A produção do conhecimento no campo do feminismo, gênero e políticas públicas perdeu, no último domingo, 12, uma grande referência. A professora titular aposentada da Universidade de Brasília (UnB), Lourdes Maria Bandeira, que deixou um grande legado para a luta feminista brasileira. Em homenagem à grandeza de Lourdes Bandeira, o Jornal Brasil Popular reproduz artigo de sua autoria, publicado no portal A Terra é Redonda, em que a autora marca a passagem dos 15 da Lei Maria da Penha (Lei, no.11.340/2006), celebrando a conquista dessa lei, que mudou paradigmas no tocante à legislação, e apontando desafios a serem enfrentados para sua efetivação.

Confira o artigo que ela publicou no site A Terra É Redonda no dia 18 de agosto de 2021.


A Lei Maria da Penha completa 15 anos

 

 

Por Lourdes M. Bandeira

É inovadora do conceito de diretos humanos das mulheres ao incorporar as dimensões da violência física, sexual, psicológica, patrimonial e moral

O que temos a celebrar…

A Lei no. 11.340/2006 foi assinada pelo presidente Luís Inácio Lula da Silva no Palácio do Planalto na presença de Maria da Penha Maia Fernandes, farmacêutica bioquímica formada pela Universidade Federal do Ceará em 1966. Ela foi vítima de dupla tentativa de feminicídio, por parte do seu esposo, em 1983; desde então ficou paraplégica. Na ocasião, em um gesto político, o presidente afirmou: “de agora em diante esta lei será chamada de Lei Maria da Penha (LMP)”. Perpetuada como um símbolo brasileiro da luta contra a violência que afeta as mulheres. Está em vigor desde sua aprovação em 07 de agosto de 2006 e acaba de completar 15 anos.

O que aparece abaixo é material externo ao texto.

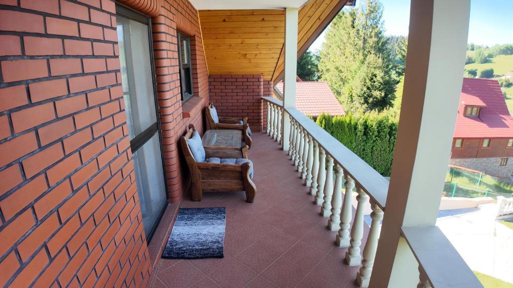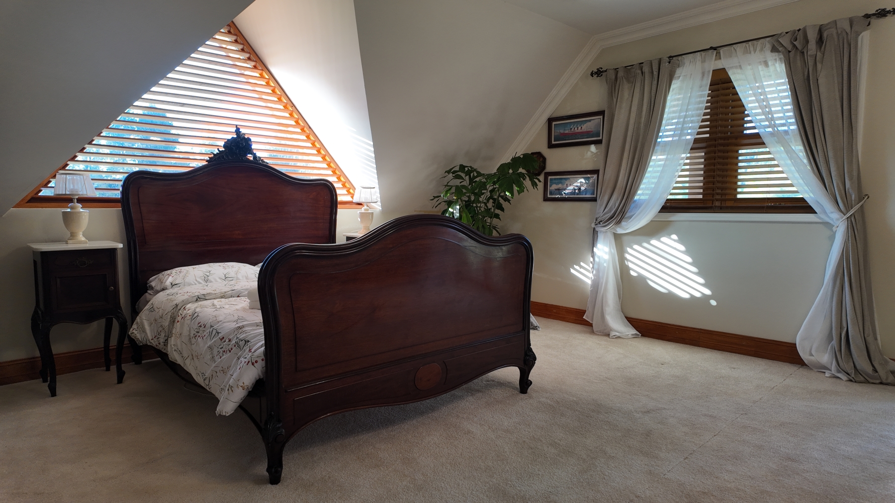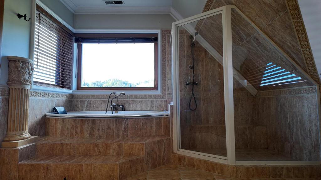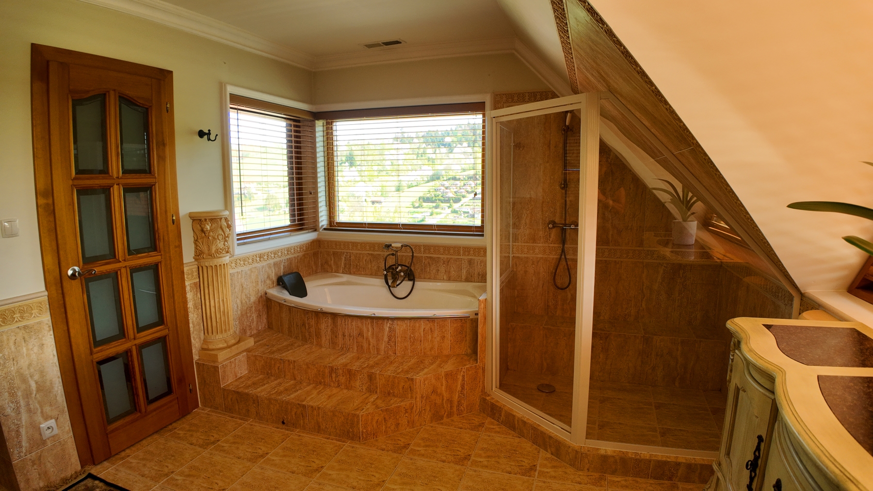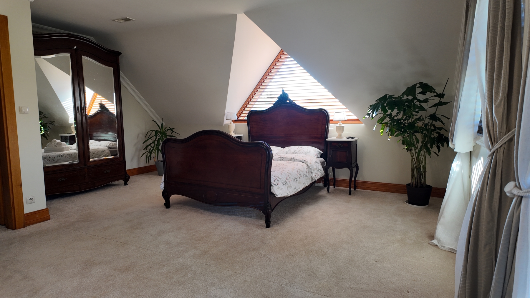 Apartament z widokiem na zielone wzgórza Bieszczad jest idealną opcją dla osób ceniących sobie przestrzeń. Zamiast zwyczajnej łazienki czeka na Ciebie pokój kąpielowy, w którym znajdziesz zarówno prysznic, jak i wannę. Do apartamentu należy również bardzo duża garderoba, w której bez problemu zmieścisz wszystkie swoje ubrania. Bezpośrednio z pokoju możesz wyjść na prywatny balkon, gdzie możesz rozsiąść się w drewnianych fotelach z poduchami i patrzeć na lasy i łąki porastające dookoła Jezioro Solińskie. Na dole zobaczysz też basen należący do obiektu. Apartament mieści się na pierwszym piętrze. Całkowita powierzchnia to 55,5 m².

Fruto de uma longa batalha coletiva das feministas brasileiras, desde os anos 1970, foi configurada na constituição do ‘Consórcio LMP’ ao representar um novo marco político-jurídico contra a violência doméstica e familiar. Retira o fenômeno da invisibilidade, instigando a ideia de que não deve mais ser vista como naturalizada ou tolerada. A sociedade, embora ainda marcada pelo sexismo e racismo estruturais, vem percebendo que o fenômeno da violência contra mulher constitui-se na violação de seus direitos humanos fundamentais, não se tratando apenas de conflitos interpessoais entre membros de um casal. A LMP institui uma mudança de paradigma promovida pela legislação, que mudou os rumos da proteção à mulher em um dos países com maior registro de violência de gênero no mundo.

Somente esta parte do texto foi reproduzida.